Typically, you would need a negative class dataset. Depending on your problem, it might be easy to create a synthetic negative class.

Basically, you need some way to calculate a “distance” between samples and then set a threshold to determine positive/ negative.

However that’s a very general answer. It would help to know the specifics of your problem. In which domain (vision, tabular, etc), what is a positive class etc. It might be possible to use pre-trained models and / or a Siamese architecture depending on the task at hand.

2 Likes

Yes this would definitely be helpful. There are potential ways around this with synthetic data or by possibly reframing the question you’re asking the model.

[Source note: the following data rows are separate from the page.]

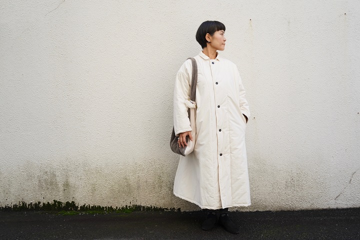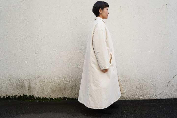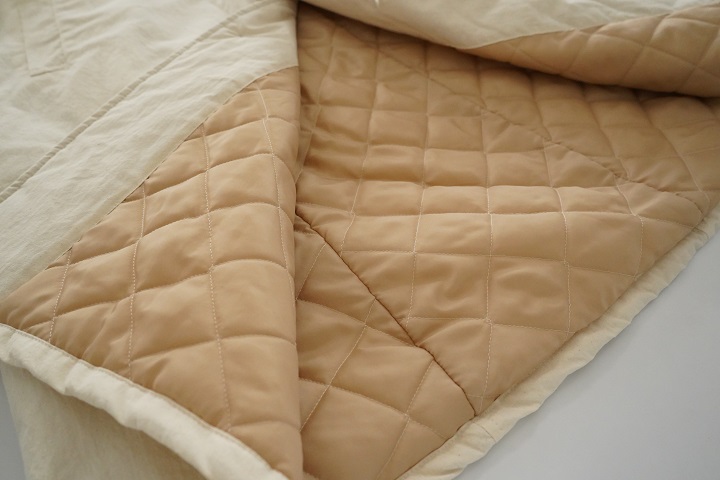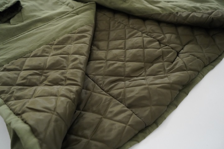 グラム数を少なめに、軽く仕立てたキルティングが、表地のコットンと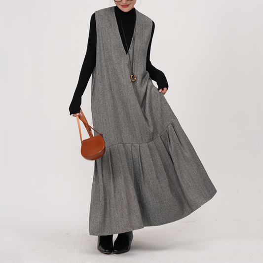【24AW】【10~15日内発送】【ワンピース】春秋冬 Vネック エレガント フリース加工 ベスト ワンピース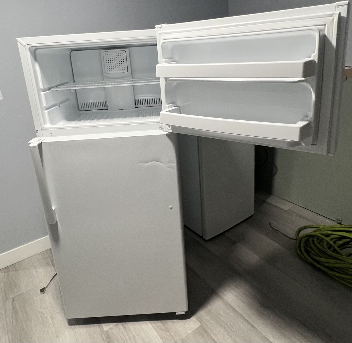 Zelle16 Cu ft GE Freezer. No issues at all. Works well. No odors or stains. Automatic defrost. Dimensions Height 64.75’” x width 28” x depth 32.6”. A $100. 801-336-7039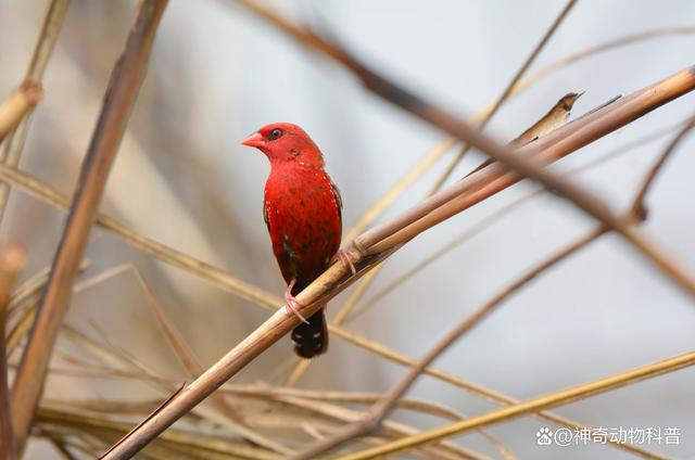 巴哈马比米尼岛爱丽丝镇,柠檬鲨宝宝在红树林中游泳的水下景观。 8、草莓雀 ( Amandava amandava ) 其鲜红色的羽毛上点缀着种子状的白色斑点,很容易看出这种鸟是如何得名的。它也被称为红色阿瓦达瓦特,遍布热带南亚和东南亚。也许并不奇怪,由于其美丽,它作为笼鸟受到收藏家的高度评价。然而,就像许多鸟类一样,只有雄性的羽毛装饰得非常华丽,而雌性则为较为朴素的黄棕色。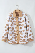 Light French Beige Cute Flower Pattern Button Up Fleece Jacket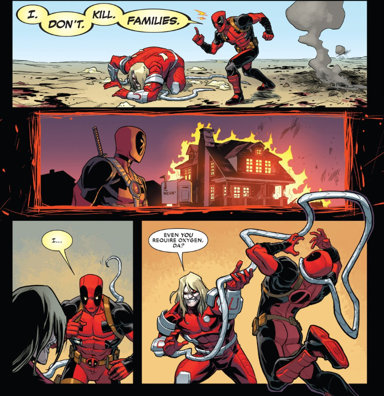 Drew: I know exactly what you mean, but I’m going to go with “good way.” It might be easy to read that Deadpool passage as a kind of apology for itself, with Kot distancing himself from the pop culture references, while failing to come up with anything better, but I think it works precisely because it’s Deadpool. Wade tends to make a lot of pop culture references AND break the fourth wall, so while this doesn’t quite do either in the same way, it certainly feels thematically tied to the character. To your point about disorientation, though: I love the constituent parts of this series enough to excuse some confusion as to how exactly they fit together.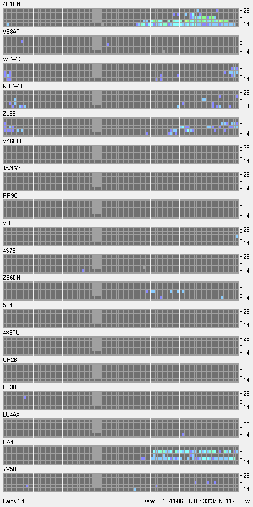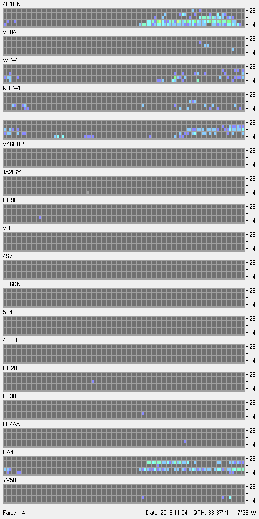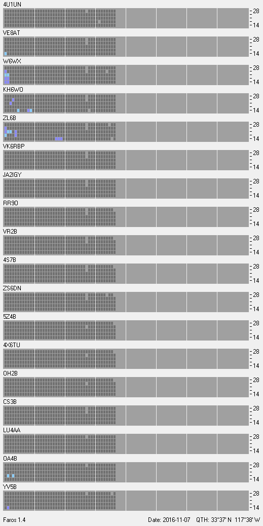 NOTE: As of October 1, following beacons are down or has not been heard: I was out of town on business 11/1 ~ 11/3. November chart set up was late. Sorry. |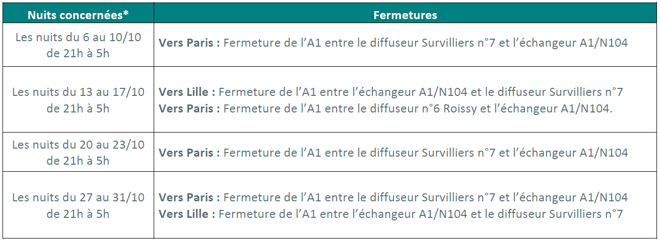 • Durant plusieurs nuits en octobre, l’A1 sera fermée entre les diffuseurs de Roissy n°6 et de Survilliers n°7.

Ex: Instead of doing a binary classification on an image, you could turn it into a semantic segmentation problem. Ex: if you only have pictures of Dogs (vs non-Dog pictures) you could train the model to predict the label of each pixel as a ‘Dog’/‘Not Dog’ classification. This definitely increases the complexity of the labelling effort in this case, but it’s an example on how you can reframe the question you’re asking your model to get it to work. This is something I’ve had to do in the past on an early phase proof of concept project where I did not have a sufficient dataset otherwise.

3 Likes

Hi everyone, I attended the live session and recommended I have,

  • Watched again the lesson 1 video,
  • Read chapter 1 of Fast AI book
  • Run the code that was taught in the class (bird vs forest)

Now for my own dataset, I used images of zucchini and cucumber to train a classification model.
When I pass an image of zucchini, the model correctly predicts the label as zucchini but when I print the probability it shows

Can someone help why the probability is low, but the prediction is correct?
This is the kaggle notebook that I created for this exercise.

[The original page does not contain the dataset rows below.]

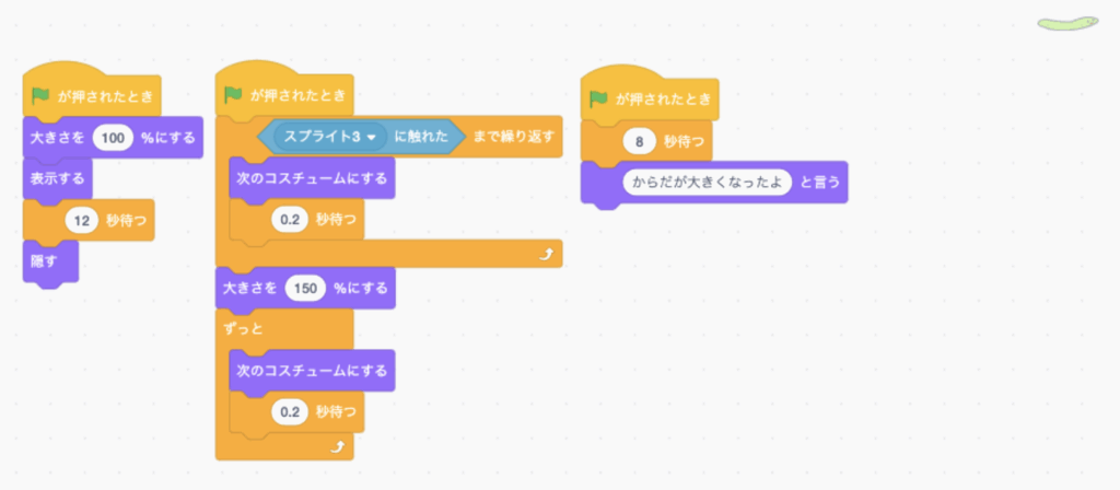 - 背景が動いていないので、あおむしが歩いている感じがしない。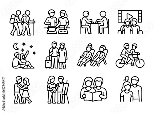 Couple Activity Icons. Outline icon set of couple bonding activities: hiking, cooking together, board games,
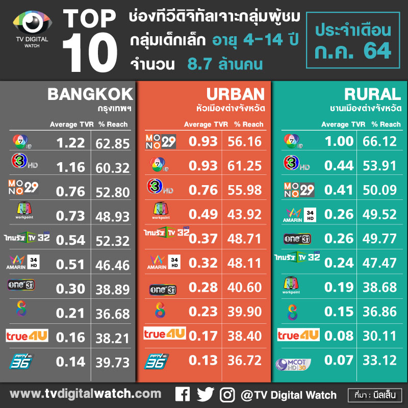 1.  TOP10 ช่องทีวีดิจิทัล เจาะกลุ่มผู้ชมผู้ใหญ่ อายุ 35 ปีขึ้นไป จำนวน 37.2 ล้านคน  แยกพื้นที่กรุงเทพ URBAN และ RURAL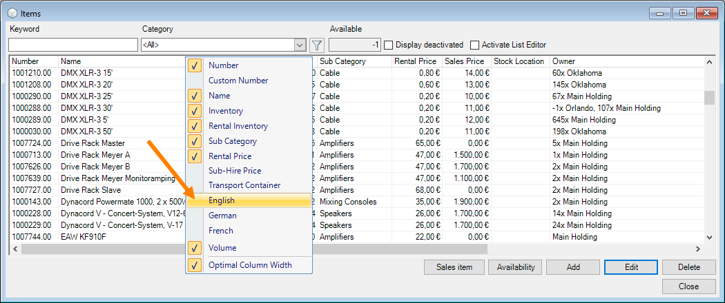 For some designations, such as Item names, you can display or hide the column for the language using the column heading context menu.

The link to the Kaggle notebook doesn’t work for me. Could you check it? I can take a look.

1 Like

I saw the same with my custom categories. Pretty sure the categories end up in alphabetic order - so the correct probability for zuccini would be probs[1] and not probs[0]. Someone quicker than me will no doubt tell us how to show this properly by using some kind of indexer.

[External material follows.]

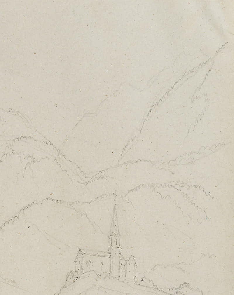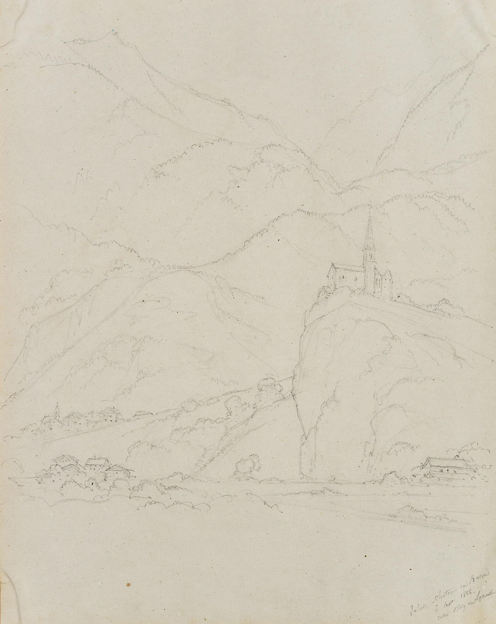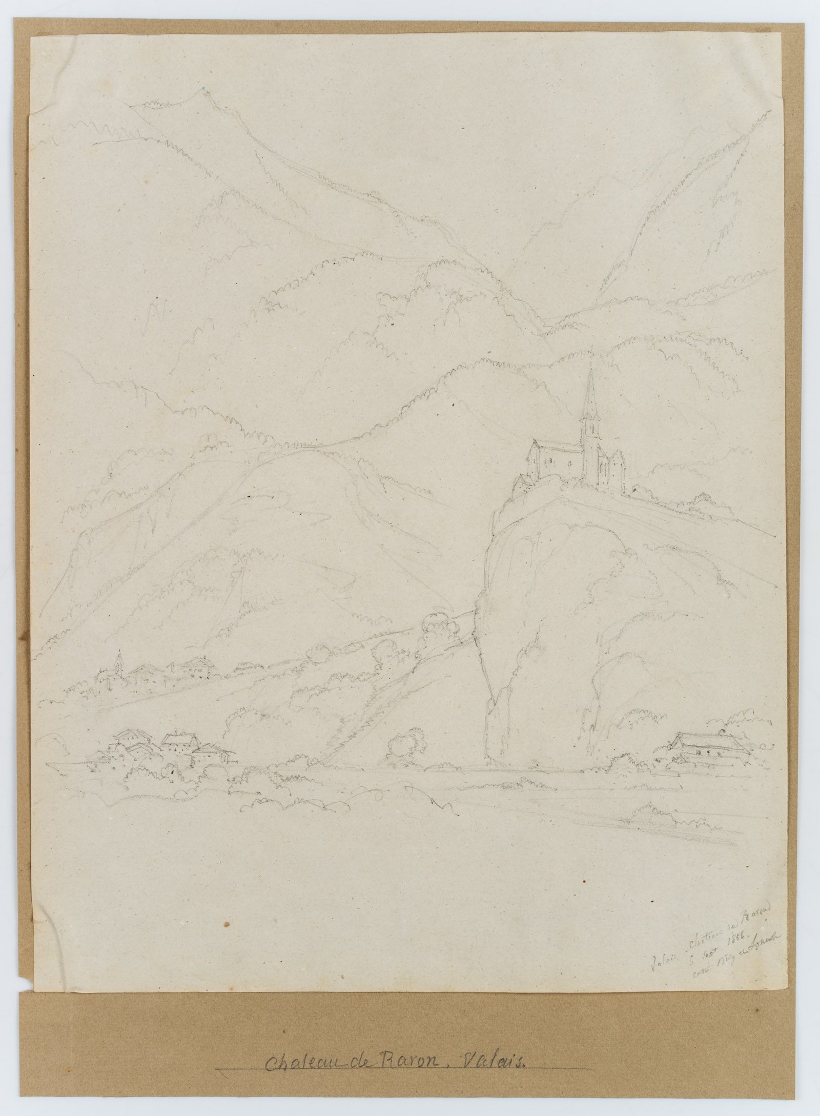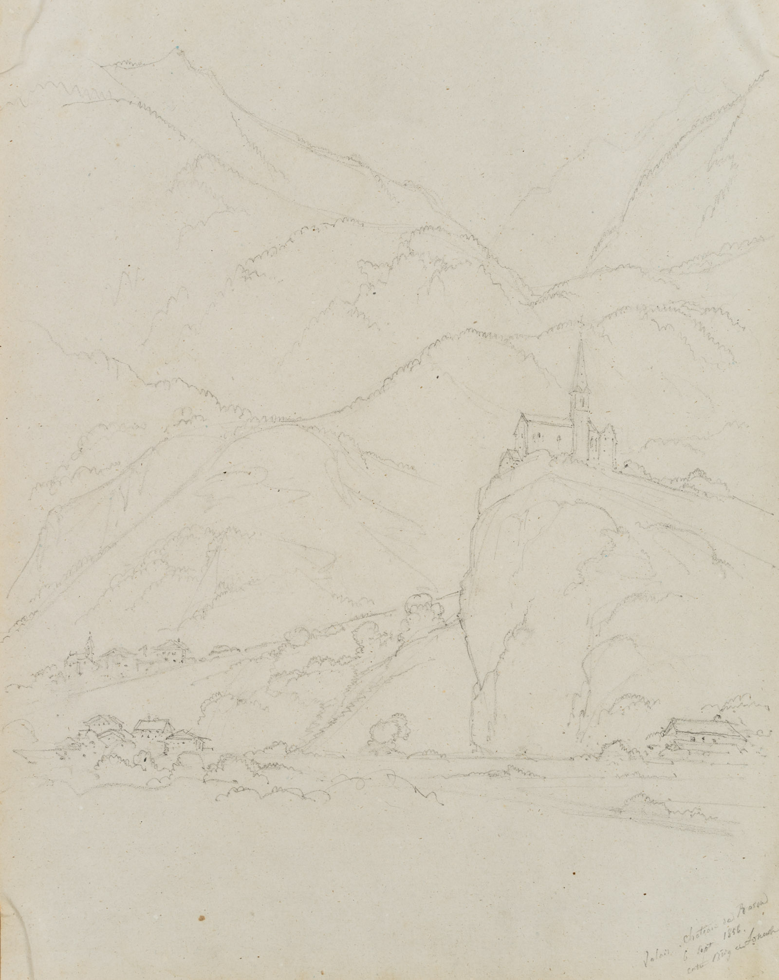 Edmond de Bretenières (1804 Dijon – 1882 ibid.), Château de Raron in the Canton of Valais, castle and church on a rocky spur under the Lötschberg Ramp, Journey to Switzerland, Sketchbook, 1856, Pencil

(edited after looking in Chapter 2)

Something like:
pred,pred_idx,probs = learn.predict(PILImage.create(‘metro.png’))

print(f"This is a: {pred}.")
print(f"Probability: {probs[pred_idx]:.04f}")

6 Likes

if you defined the classes/categories in the order [‘cucumber’,‘zucchini’] then zucchini would be preds[1] … I had the same issue, I just flipped the indexing but yes it threw me off for a bit. @brismith answer makes sense.

2 Likes

To add to great responses above. There is an alternative approach: instead of generating negative examples one can view this as outlier detection problem. For example you can train an autoencoder to embed your “positive” data into reduced dimension vector. You will have some kind of cluster in the embedding space corresponding to a positive class. The embeddings for negative data should fall further away from the cluster center. Then you can classify all the data-points far from cluster center as negatives.

Depending on your particular problem one or both of this approaches can be applicable. If you have particular task in mind you can share it and people who worked on similar problems before will likely share some experience

2 Likes

I think you made the same mistake I always do - forgot to make it public! Click ‘edit’, then the share arrow, and set it to public.

2 Likes

Thanks Jeremy. I have made it public and updated url now.

Thanks @brismith, your suggestion worked now I’m getting correct probability.
@mike.moloch , I didn’t explicitly set the order of classes anywhere in the notebook .Seems the order is picked up alphabetically.

4 Likes

This still doesn’t work for me, btw, but glad you seem to have found the source of the error, in any case!

1 Like

If you want to get all the labels aligned to the probabilities you can use dls.vocab to get the vocabulary from the dataloader. This has a method o2i for converting a vocab name to its corresponding index.

For example

print(f"Probability it's a zucchini : {probs[dls.vocab.o2i['zucchini']]:0.2%}")

Or if you want to print all the labels and probabilities in order of descending likelihood

for prob, label in sorted(zip(probs, dls.vocab), reverse=True):
    print(f'{label}: {prob:0.2%}')
8 Likes

4 posts were merged into an existing topic: Help: SGD and Neural Net foundations :white_check_mark:

Great - I see it now :slight_smile:

1 Like

That’s a bit too advanced a topic for lesson 1 IMO. Feel free to ask it again in lesson 7 though!

3 Likes

Many thanks for your thoughtful comment. Rather than deleting, I’ll put my thoughts here in a reply since it’s useful to set some boundaries around our forum discussions.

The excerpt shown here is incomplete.